**INFORMATION SUPPLIED**
┄┄┄┄┄┄┄┄┄┄┄┄┄┄┄┄┄┄┄┄

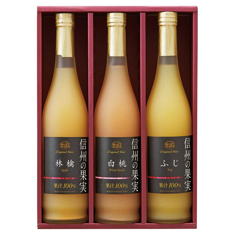 林檎ジュース(500ml)・白桃ジュース(500ml)・りんごジュース(ふじ)(500ml)×各1
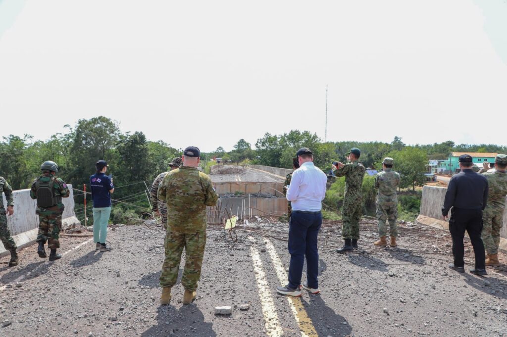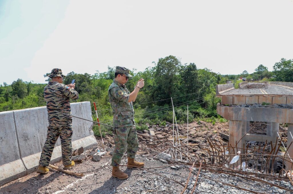 ក្រុមអនុព័ន្ធយោធាបរទេស ចុះសង្កេតការណ៍ និងផ្ទៀងផ្ទាត់អំពីស្ថានភាពនៅស្ពានស្ទឹងមេទឹក ដែលរងការវាយប្រហារដោយកងទ័ពអាកាសថៃ
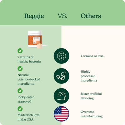 Keep your furry friend’s tummy happy and healthy with Reggie Probiotic Pumpkin Flavored Powder Digestive Aid Supplement for Dogs. This daily powder is packed with pumpkin, prebiotics, and probiotics to regulate digestion, soothe upset tummies, and aid in nutrient absorption. This digestive aid supplement is safe for sensitive stomachs and will help your pet stay balanced, comfortable, and ready for any adventure that comes their way.
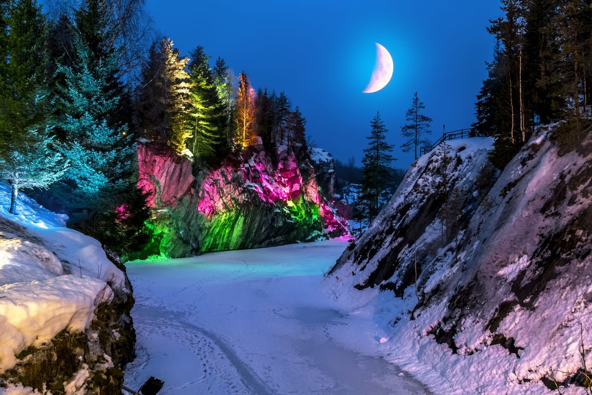 Рускеала — невероятно красивый и современный парк, отражающий природное величие Северного Приладожья. Вы погуляете по оборудованным тропам, полюбуетесь со смотровой площадки Мраморным каньоном и узнаете самые значимые моменты его трехвековой истории. А также увидите заброшенный мраморный завод, построенный финнами в конце 19 века.

┄┄┄┄┄┄┄┄┄┄┄┄┄┄┄┄┄┄┄┄

**WHAT TO PRODUCE**
Without including any images, output the data exactly as given.

**ANSWER TO THE EXERCISE**
 林檎ジュース(500ml)・白桃ジュース(500ml)・りんごジュース(ふじ)(500ml)×各1
 ក្រុមអនុព័ន្ធយោធាបរទេស ចុះសង្កេតការណ៍ និងផ្ទៀងផ្ទាត់អំពីស្ថានភាពនៅស្ពានស្ទឹងមេទឹក ដែលរងការវាយប្រហារដោយកងទ័ពអាកាសថៃ
 Keep your furry friend’s tummy happy and healthy with Reggie Probiotic Pumpkin Flavored Powder Digestive Aid Supplement for Dogs. This daily powder is packed with pumpkin, prebiotics, and probiotics to regulate digestion, soothe upset tummies, and aid in nutrient absorption. This digestive aid supplement is safe for sensitive stomachs and will help your pet stay balanced, comfortable, and ready for any adventure that comes their way.
 Рускеала — невероятно красивый и современный парк, отражающий природное величие Северного Приладожья. Вы погуляете по оборудованным тропам, полюбуетесь со смотровой площадки Мраморным каньоном и узнаете самые значимые моменты его трехвековой истории. А также увидите заброшенный мраморный завод, построенный финнами в конце 19 века.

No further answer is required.